Nathan Rabin kicks of a new ongoing feature with a re-examination of Grandma’s Boy for Rotten Tomatoes:
“Grandma’s Boy has a wonderfully endearing quality that later Happy Madison productions would fatally lack: it likes its characters and invites audiences to share that affection, instead of treating its characters like the worst kind of human garbage.
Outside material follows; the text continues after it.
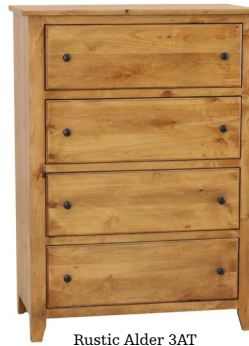
Rustic Alder 3AT K79-B80 Chest 35½w 18¾d 49h

It’s a much better vehicle for Swardson than Bucky Larson: Born To Be A Star, and while his emotionally stunted virgin falls squarely into Swardson’s well-wrought persona as a Manic Pixie Nightmare Boy, he emerges as a funny, likable character who is even afforded a moment of triumph when he absolutely destroys at a game of Dance Dance Revolution…Grandma’s Boy is wonderfully inclusive in its comedy; it’s the kind of film where, with the notable exception of J.P., damn near everyone gets laid, damn near everyone smokes weed, everyone plays video games, and everyone has friends who like them, no matter how geeky or socially inept they might be.”
Rachel Handler has been, and will continue, writing some weekend news pieces, like this one on Jonathan Demme making a Justin Timberlake music-film, for Vanity Fair:
“(Demme) does add, “There’s tremendous dancing in this piece. He’s got an extraordinary band called the Tennessee Kids. Huge horn section, two lead guitars, two drummers, eight dancers, four exquisite background singers.” Of Timberlake himself, Demme adds, “He’s a funky Fred Astaire!”
Demme is certainly using a lot of exclamation points for a director responsible for The Silence Of The Lambs and Philadelphia. But it’s important to remember that Demme is also responsible for 1984’s Talking Heads “rockumentary” Stop Making Sense, as well as concert films for Kenny Chesney and Neil Young. Does Jonathan Demme contradict himself? Very well, then Jonathan Demme contradicts himself. He contains multitudes.”